YOUR OBJECTIVE: Below are records; reproduce exactly the lines from the one that has "Łatwo zmywalne farby" through the one that has "Table du chef", ends included, and nothing more.

DATA RECORDS:
○ ○ ○ ○ ○

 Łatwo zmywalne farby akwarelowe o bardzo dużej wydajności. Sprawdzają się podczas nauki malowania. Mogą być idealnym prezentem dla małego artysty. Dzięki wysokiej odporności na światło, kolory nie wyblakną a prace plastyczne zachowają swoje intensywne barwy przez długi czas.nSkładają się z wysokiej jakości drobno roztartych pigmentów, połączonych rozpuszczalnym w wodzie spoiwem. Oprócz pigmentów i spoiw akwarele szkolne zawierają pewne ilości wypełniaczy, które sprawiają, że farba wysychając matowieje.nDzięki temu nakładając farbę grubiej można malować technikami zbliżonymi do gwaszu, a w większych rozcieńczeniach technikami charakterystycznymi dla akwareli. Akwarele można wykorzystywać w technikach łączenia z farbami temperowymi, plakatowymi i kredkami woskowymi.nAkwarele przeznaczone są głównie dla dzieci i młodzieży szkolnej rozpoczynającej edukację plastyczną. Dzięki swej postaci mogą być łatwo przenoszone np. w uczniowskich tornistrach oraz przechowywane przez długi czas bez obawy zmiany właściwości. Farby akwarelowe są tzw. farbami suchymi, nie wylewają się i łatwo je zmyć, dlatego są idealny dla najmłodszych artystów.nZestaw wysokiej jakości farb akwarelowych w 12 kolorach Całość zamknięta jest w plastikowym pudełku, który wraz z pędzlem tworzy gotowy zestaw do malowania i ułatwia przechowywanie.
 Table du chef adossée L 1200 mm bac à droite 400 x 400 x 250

○ ○ ○ ○ ○

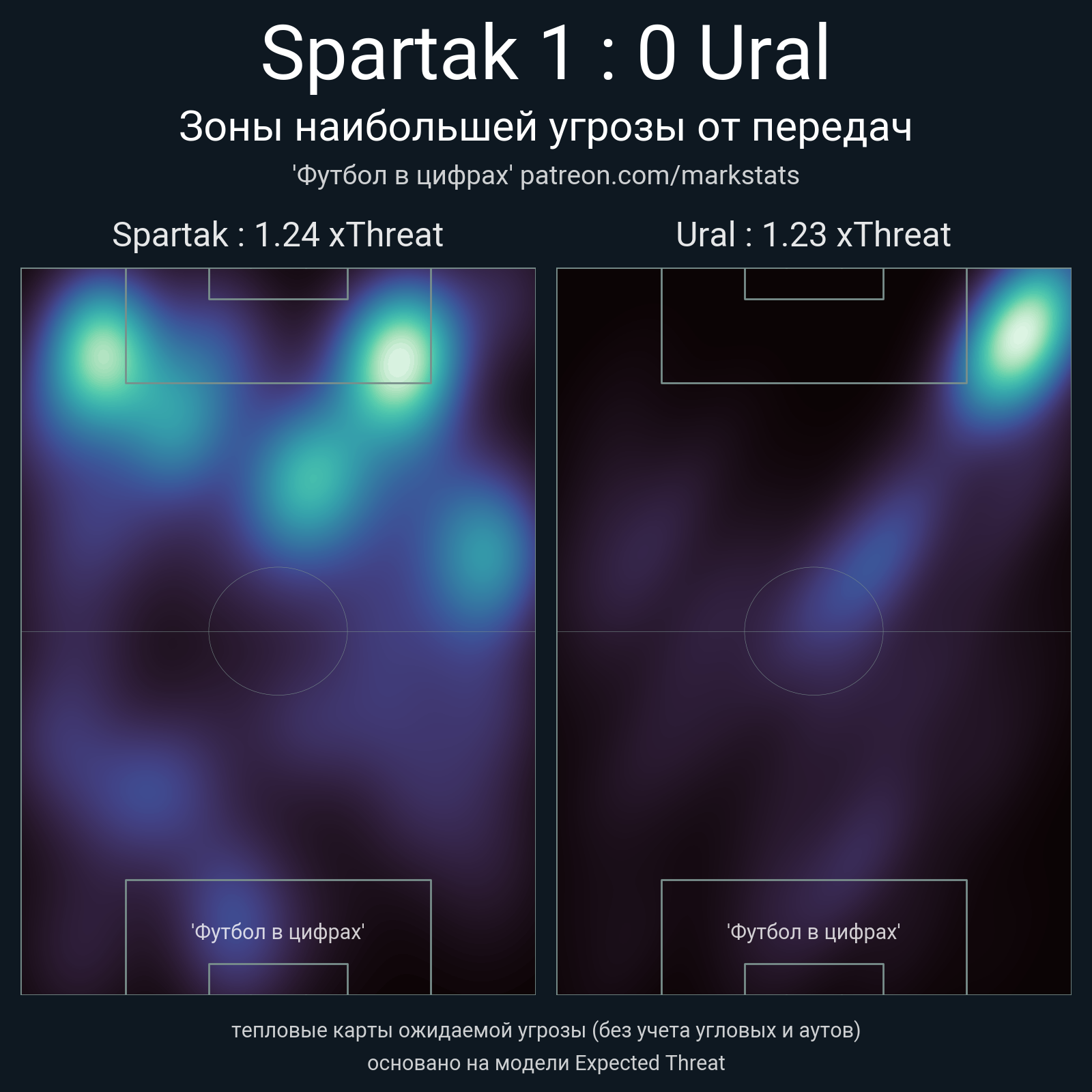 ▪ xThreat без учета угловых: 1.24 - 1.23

○ ○ ○ ○ ○

COMPLETED TASK:
 Łatwo zmywalne farby akwarelowe o bardzo dużej wydajności. Sprawdzają się podczas nauki malowania. Mogą być idealnym prezentem dla małego artysty. Dzięki wysokiej odporności na światło, kolory nie wyblakną a prace plastyczne zachowają swoje intensywne barwy przez długi czas.nSkładają się z wysokiej jakości drobno roztartych pigmentów, połączonych rozpuszczalnym w wodzie spoiwem. Oprócz pigmentów i spoiw akwarele szkolne zawierają pewne ilości wypełniaczy, które sprawiają, że farba wysychając matowieje.nDzięki temu nakładając farbę grubiej można malować technikami zbliżonymi do gwaszu, a w większych rozcieńczeniach technikami charakterystycznymi dla akwareli. Akwarele można wykorzystywać w technikach łączenia z farbami temperowymi, plakatowymi i kredkami woskowymi.nAkwarele przeznaczone są głównie dla dzieci i młodzieży szkolnej rozpoczynającej edukację plastyczną. Dzięki swej postaci mogą być łatwo przenoszone np. w uczniowskich tornistrach oraz przechowywane przez długi czas bez obawy zmiany właściwości. Farby akwarelowe są tzw. farbami suchymi, nie wylewają się i łatwo je zmyć, dlatego są idealny dla najmłodszych artystów.nZestaw wysokiej jakości farb akwarelowych w 12 kolorach Całość zamknięta jest w plastikowym pudełku, który wraz z pędzlem tworzy gotowy zestaw do malowania i ułatwia przechowywanie.
 Table du chef adossée L 1200 mm bac à droite 400 x 400 x 250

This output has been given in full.